Victor
B ecca didn’t have to wait long for Shepherd to have everything arranged for her to meet with John Standish.
She woke snuggled tightly against Carter when both of their phones chimed invitations to the meeting in Shepherd’s office that would take place at eleven hundred hours, eleven a.m. The subject line was ‘Prep for Standish Meeting’.
Becca rolled back into Carter, resting her head on his chest after they’d both viewed their screens.
“Really, he had to send this invitation at six a.m.”
Tessman chuckled.
“He’s probably been up working for hours. The man’s a machine.”
Becca chuckled with him.
She let herself relax against him, taking in the sensation of being held by him.
“I like waking up like this.”
“Me too,” he said, though truthfully, had it been waking naked after a night of incredible sex, he would have liked it far better.
He pressed a kiss to the top of her head.
“It’s comfortable.”
“I appreciate you didn’t try to have sex last night,” she said.
“I mentally just wasn’t up for it. I felt mentally, maybe emotionally exhausted last night.”
Tessman chuckled again.
“You were asleep minutes into the movie. I’d say you were exhausted all the way around. Do you feel more rested this morning?”
“Yes, thank you, I do. Do you think the meeting with James Standish will be today?”
“Most likely today or tomorrow,” he replied.
“What if I don’t get him to admit anything?”
He detected nervousness in her question.
“Sometimes it’s what they do after they’re confronted, and the meeting is over, that yields the results we need. Even if he admits nothing, he may make a phone call after you leave that is damning. Or go meet someone, which is good because then we know who the co-conspirators are. We’ve even had perps try to bolt after they’re confronted. A few even committed suicide. If that isn’t a declaration of guilt, I don’t know what is.”
“Suicide? Yeah, I’d say that’s a huge declaration. But that isn’t what I want. I want to know who all was involved in it. I want to hear the full scope of who and why come from his mouth.”
“I hope you get what you need, but Becca, you have to be prepared for it to not go that way. It’s a crap shoot, how much info we’ll get out of him, even if he does admit his part in it.”
“I know,” she said.
“He does, after all, have the right to remain silent and not incriminate himself. I just don’t know how we’re going to get to the truth if he doesn’t admit it.”
“Have a little faith in the agency. We’re pretty good at what we do.”
She didn’t doubt that at all.
***
In the office at eleven a.m. there were familiar faces.
Carter, of course, Jackson and Brielle, and the two men who had helped at her sister’s house the other night, Flores and Robinson.
There was a fifth man she’d never seen, who introduced himself as Winston.
Carter told her he was a team medic.
A team medic was always assigned to a mission.
“We’ve made an appointment for you with Standish at Well-Life for sixteen hundred today,” Shepherd said.
Becca did the math in her head.
Four p.m.

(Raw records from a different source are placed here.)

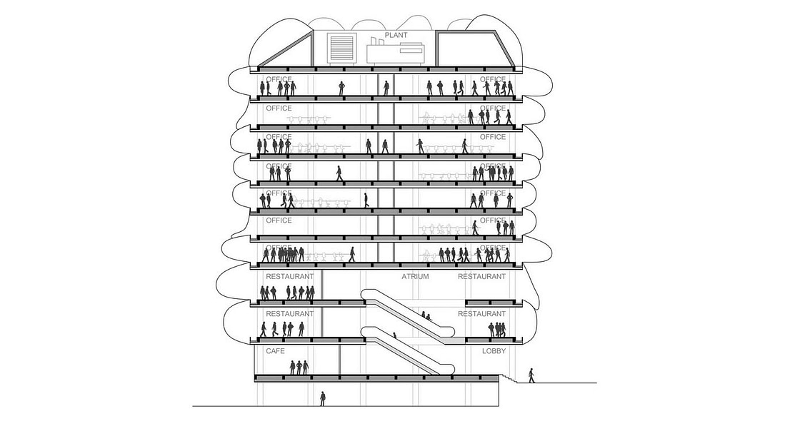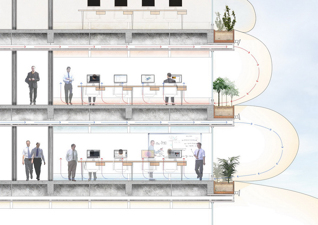 The bubble façade will not be a static façade, it will oscillate with the wind and will interact with its inhabitants: the inflatabels will be in full tensile capacity when many people are working and the ventilation is at its maximum. When no people are in the room the sensor will switch the ventilation down to its minimum and the facade will become almost deflated.
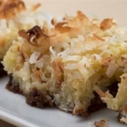 3To make Topping: Beat together the two eggs, brown sugar, baking powder, flour, vanilla, walnuts and coconut. Spread over warm crust.
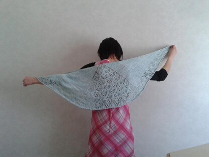The peacock became an almost universal symbol of the Art Nouveau movement. With its striking colors and flamboyant tail, the peacock was stylized onto everything from jewelry and dresses to vases and book plates. This top-down shawl, with its dramatic curving edges, pays homage to the peacock tail with a center panel of “eyes" and a sweeping border of “feathers".
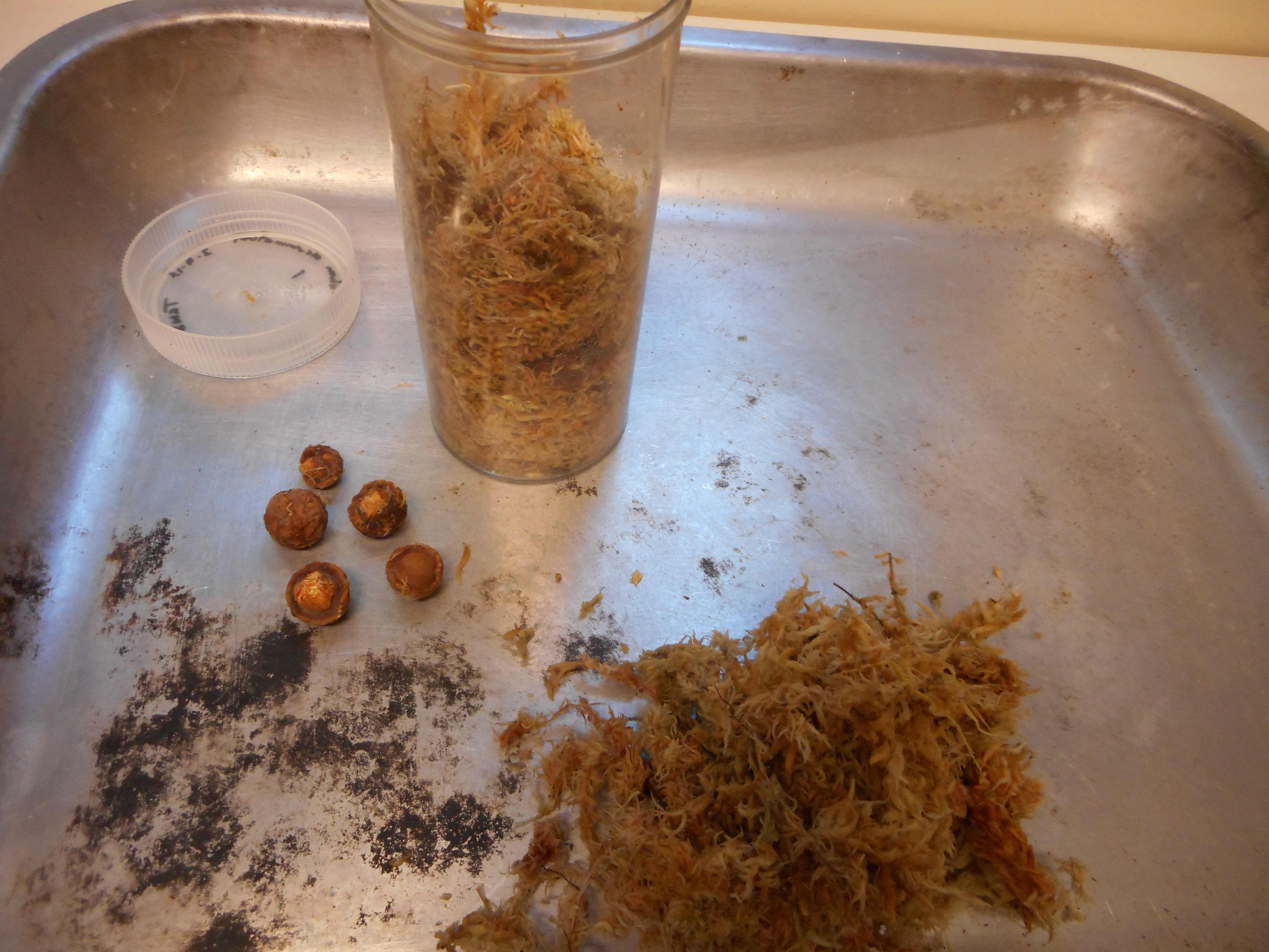 Not much to show for a couple of hours work! Preparing the seed by removing the red-brown fibrous outer fruit was necessary to expose the inner seed and speed up germination (Photo credit to the author).

That didn’t give her much time to get ready for it.
“We’ll have all five team members on site during the meeting. Jackson and Tessman will go in with warrants again and keep Shirley Craig from HR busy. Robinson and Flores have appointments with the other partner, Marvin Ackman, so they’ll be in the building, just down the hall from Standish’s office. And Winston will be stationed in the car in the parking lot with the recording equipment. Becca, we’re going for anything incriminating, if not an outright confession,” Shepherd said.
He passed a packet of papers across the table to her.

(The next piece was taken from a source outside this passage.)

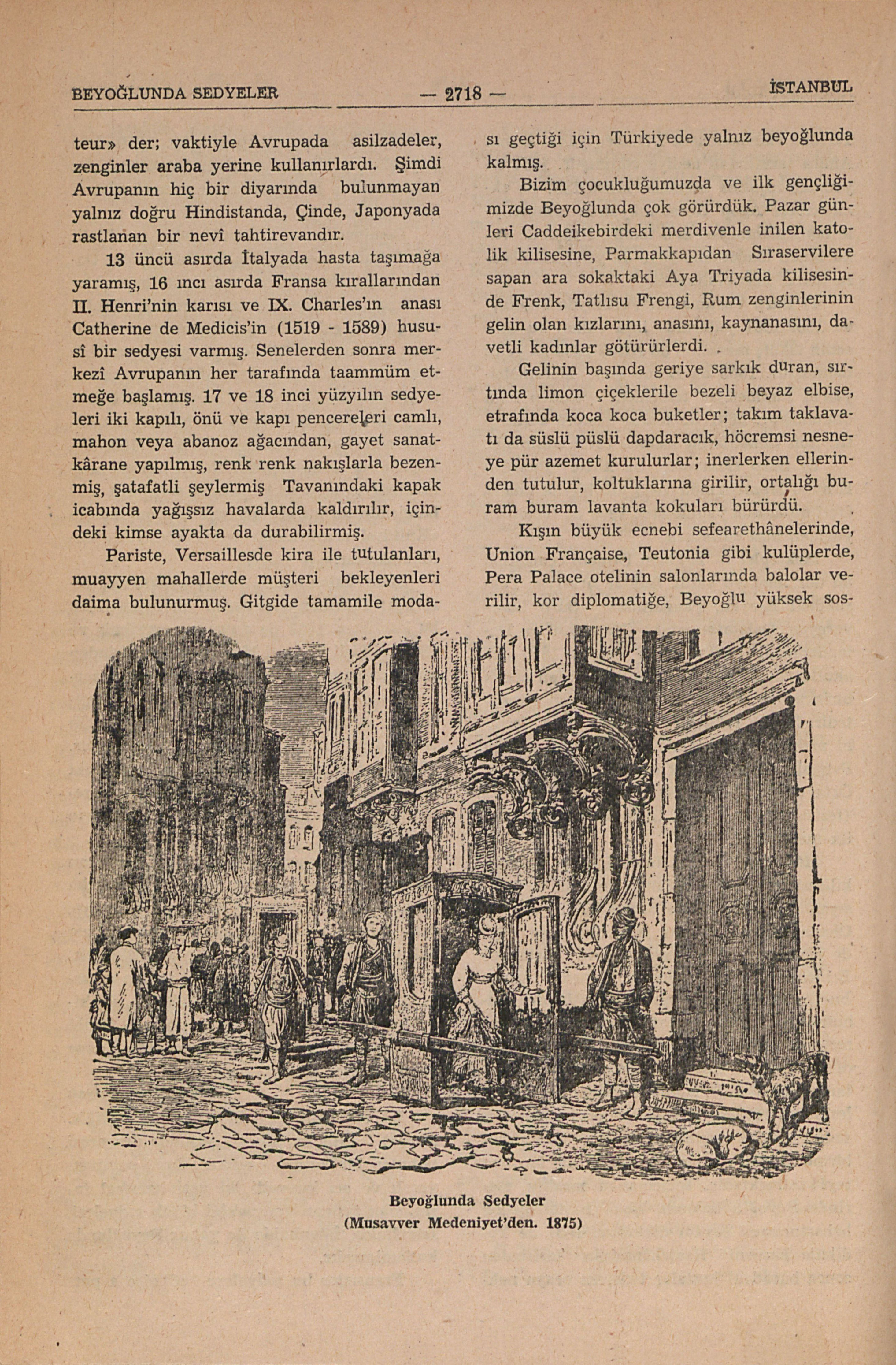 BEYOĞLUNDA SEDYELER (XIX. asırda)

“Lassiter has several scenarios scripted out for you. Familiarize yourself with the content before you go in.”
Becca lifted the papers and scanned the front page.
Then Shepherd passed a case with earbuds across to her.
“You’ll be on our comms. Because you are unfamiliar with using them, we’ll only transmit to you if prompts are needed while you’re in with Standish. But they’ll be on transmit from you, so we will hear and record all that transpires while you’re in the room with him.”
“You’ll need a word that will be your panic code to us,” Tessman said.
“A panic code?” she asked.
“Surely, you don’t think he’ll do anything to me in his office, do you?”
“Becca, if we’re right, he hired someone to kill four people. He may not have gotten his hands dirty with the deed, but he won’t hesitate to hurt you to keep you quiet to cover it up,” Jackson said.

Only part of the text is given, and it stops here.